Monday, June 20, 2011

The Great Recession and Corporate Boldness: Why no American company will sacrifice profit for employees

Robert Samuelson comes so close today to understanding the paradox that is the modern economy(Emphasis mine):

So it’s a Catch-22: You can’t get hired unless you have experience; but you can’t get experience unless you’re hired. With technology changing rapidly, workers need to know more, even as their skills-support systems weaken. There is no instant cure for today’s job mismatch, but it might ease if America’s largest companies were a little bolder. Surely many of them — enjoying strong profits — could make a small gamble that, by providing more training for workers, they might actually do themselves and the country some good.
Yet, like every good "The Free Market Will Solve all ills" fiscal conservative, he fails to take in two important truths. First, private companies have NO responsibility to do the country any good, especially if it conflicts with their fiduciary responsibility to turn a profit for their owners. Quite the contrary, as we saw in the 2000's, companies need and want to maximize profits in the short term no matter the long-term sector damage. That way, the bosses can justify their big bonuses, which Ezra Klein points out are derived from part of our normal human psychology:

Study after study shows that people would prefer a medium-sized house in a neighborhood of small houses to a big house in a neighborhood of much bigger houses. What people really want isn't to have a big house, in other words, but to have a bigger house than their peers. Economists call products driven by this sort of status competition "positional goods." The less-technical term for this sort of behavior is "keeping up with the Joneses," and we all do it.

When you're talking about changes in CEO pay, you're not talking about changes in the money CEOs use to make ends meet. You're talking about changes in a compensation package that has long since become totally abstract. Making $50 million is nicer than making $40 million, but the things it's buying, and the things it's saying about you, are, at that point, positional: it's a display of worth, not the way you put food on the table. People sometimes ask what CEOs need with all this money. The answer is they don't need it. But they need to not be making less money than other CEOs. If they are making less, then what does that say about them?


Thus, nothing in these companies structure or economic function drives them to make the nation better by improving employment through training, hiring or anything else.

The second point Mr. Samuelson misses is that one key function of government is to overcome this mismatch between what a business needs to do to profit, and what society needs businesses to do to keep the economy flowing. One of the reason we have massive systems of public education (from pre-K to Graduate School through community colleges) is to train a workforce that can evolve to the needs of the changing economy. One of the reasons we have the Small Business Administration, and environmental regulations, and laws requiring the protection of jobs for military reservists is that history has shown that if companies are left truly unregulated, they will do things that physically harm their workers and our environment, and financially harm just about everyone, all in the name of profits.

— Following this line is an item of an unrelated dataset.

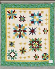 Catalogue Number: 115Sale Year: 2014Item Type: Bed QuiltColours: greencreammultiDonor(s): Anne Wickie & Beverly VanNinhuysQuilter(s): Anne Wickie & Beverly VanNinhuysMachine Quilted: yesDimensions: 74 x 86Description: Pieced
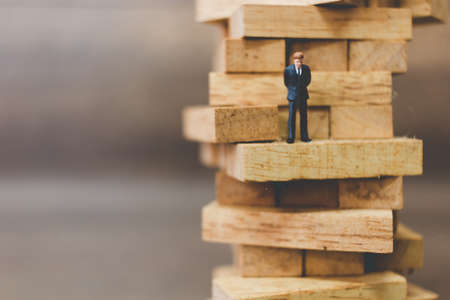 Wood block pile with architecture model with classic black tone background, Concept Risk management and strategy plan, growth business success process and team work.

So while I agree that it would be nice if those companies were a "little bit bolder." But they won't be, and nothing in our economy right now incentivizes them to be. And against that backdrop many conservatives, Mr. Samuelson included, want to continue to cut and eliminate those government functions that could actually remedy this situation.

UPDATE:

This editorial in the Wall Street Journal emphasizes my point - Boeing wants to move plants, presumably to save costs. But as the writer notes, it sends a signal that the kind of complicated machining and engineering needed to keep our aviation industry ahead of the pack is not highly economically valued.

Most depressing of all, Boeing's move would send a market signal to those considering a career in engineering or high-skilled manufacturing. It is a message that corporate America has delivered over and over: Don't go to engineering school, don't bother with fancy apprenticeships, don't invest in skills. No rational person wants to take on college or even community college debt to come out and work on the Dreamliner —which should be the country's finest product—for a miserable $14 an hour. If a single story in the news can sum up the reasons for America's global decline, it's the decision to build a Dreamliner that will gut the American dream.

As long as American companies are willing to undercut their own workforces in pursuit of ever greater profits, Mr. Samuelson's ideal will never be considered, much less fulfilled.